Summary
- Upstream earnings could gain from higher oil and gas prices
- Exxon to release full Q1 results on May 1
- Downstream earnings hit by timing effects, but Exxon expects profits to rebound in later quarters
- CFO Hansen says negative impacts from trading program are temporary and will unwind over time
(Reuters) – Higher oil and gas prices due to the U.S.-Israeli war on Iran could boost Exxon Mobil’s first-quarter upstream earnings by up to $2.9 billion, outweighing the impact of disruptions to some of its oil and gas production in the Middle East, the U.S. oil producer said on Wednesday.
Downstream earnings, however, could see a hit of about $5.3 billion in part because of timing effects, though Exxon said in a regulatory filing it will see a lift in earnings in later quarters when oil and gas shipments are delivered.
The conflict that began on February 28 sent oil prices skyrocketing as much as 65%, with some oil and gas fields in the Middle East shutting in production after the Strait of Hormuz – a conduit for a fifth of global energy flows – was effectively closed.
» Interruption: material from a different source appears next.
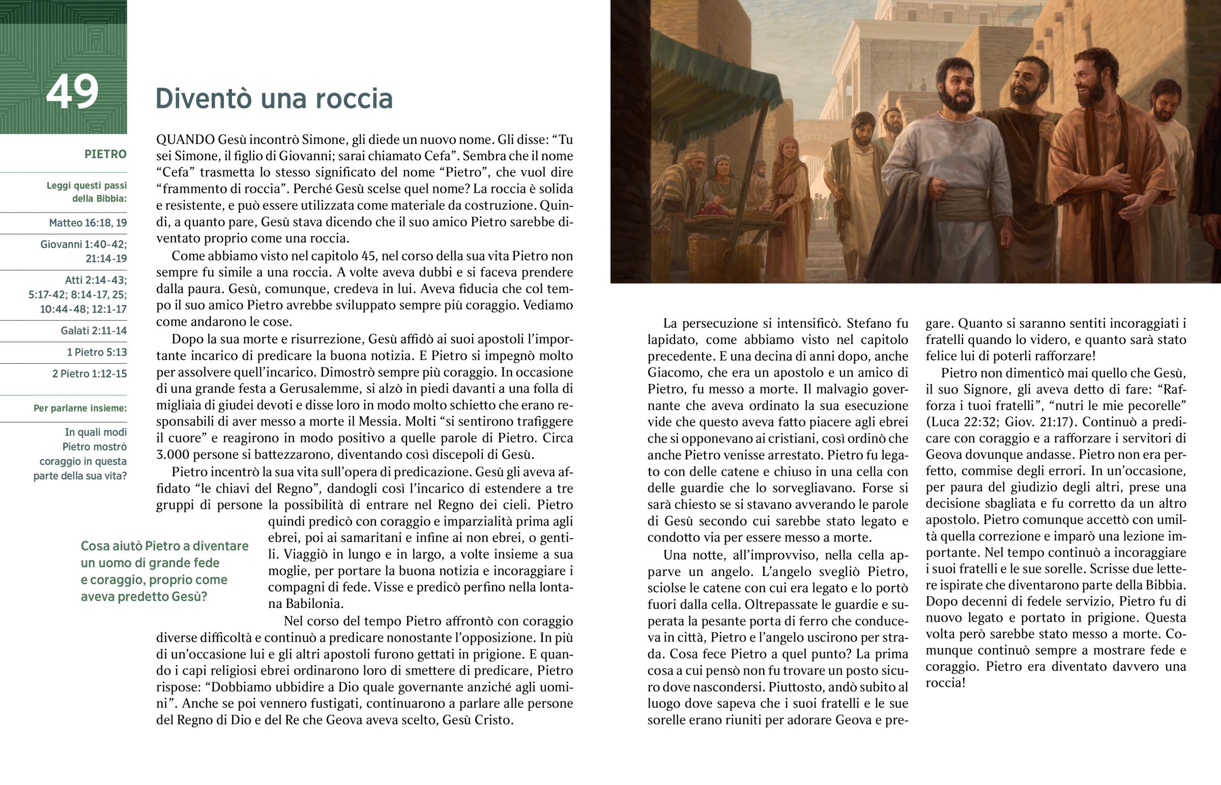 Pietro non dimenticò mai quello che Gesù, il suo Signore, gli aveva detto di fare: “Rafforza i tuoi fratelli”, “nutri le mie pecorelle” (Luca 22:32; Giov. 21:17). Continuò a predicare con coraggio e a rafforzare i servitori di Geova dovunque andasse. Pietro non era perfetto, commise degli errori. In un’occasione, per paura del giudizio degli altri, prese una decisione sbagliata e fu corretto da un altro apostolo. Pietro comunque accettò con umiltà quella correzione e imparò una lezione importante. Nel tempo continuò a incoraggiare i suoi fratelli e le sue sorelle. Scrisse due lettere ispirate che diventarono parte della Bibbia. Dopo decenni di fedele servizio, Pietro fu di nuovo legato e portato in prigione. Questa volta però sarebbe stato messo a morte. Comunque continuò sempre a mostrare fede e coraggio. Pietro era diventato davvero una roccia!

Benchmark Brent crude prices averaged $78.38 per barrel during the first quarter, up 24% from the previous three months, according to LSEG data.
Exxon said its first-quarter oil and gas production will be 6% lower due to the war compared with the fourth quarter, when it produced 5 million barrels of oil equivalent per day. Assets in Qatar and the UAE accounted for 20% of Exxon’s global oil production in 2025, the company said in the filing.
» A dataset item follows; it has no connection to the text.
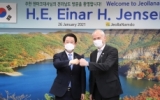 전남도정 영암군민신문647호2021. 01.29김영록 전남도지사는 1월 26일 아이너 옌센 주한 덴마크 대사와 면담을 갖고 전남 해상풍력 발전사업의 성공적인 추진을 위해 적극 협력키로 했다. 이날 전남도청에서 가진 면담은 지난해 2월에 이은 두 번째 만남으로, 해상풍력을 넘어 신재생에너지 산업 전반에 거쳐 발전방안에 대한 폭넓은 대화가 이어졌다. 이와 함께 김 지사는 지난해 1월 직접 방문해 시찰한 덴마크 해상풍력발전 산업 중심도시인 에스비에르시의 라스무센 시장과 우호교류를 다지기 위해 마련한 서한문을 전달해달라고 요청하기도 했다. 옌센 주한 덴마크대사는 "...

Exxon will report its full first-quarter results on May 1. Investors closely watch the company’s earnings snapshot, which details the market factors that impacted earnings, for signals about how the broader oil sector will perform when results are released next month.
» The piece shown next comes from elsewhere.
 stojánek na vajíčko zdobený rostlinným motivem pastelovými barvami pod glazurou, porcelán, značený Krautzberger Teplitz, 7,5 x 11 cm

EARNINGS MISMATCH WILL “UNWIND OVER TIME”
Timing effects could lower downstream first-quarter earnings by $3.3 billion to $4.1 billion compared with the fourth quarter.
The “unusually large, negative timing impact” is temporary and results from accounting rules in the trading program, Neil Hansen, Exxon’s chief financial officer, said in a statement.
Like other oil firms, Exxon hedges the sale of crude, natural gas and refined products using financial derivatives in order to mitigate the risk of price changes during the time it takes to ship cargoes to customers, which could take weeks between the U.S. and Asia.
The value of the physical shipment is not reflected in earnings until the transaction is complete, the company said in the filing.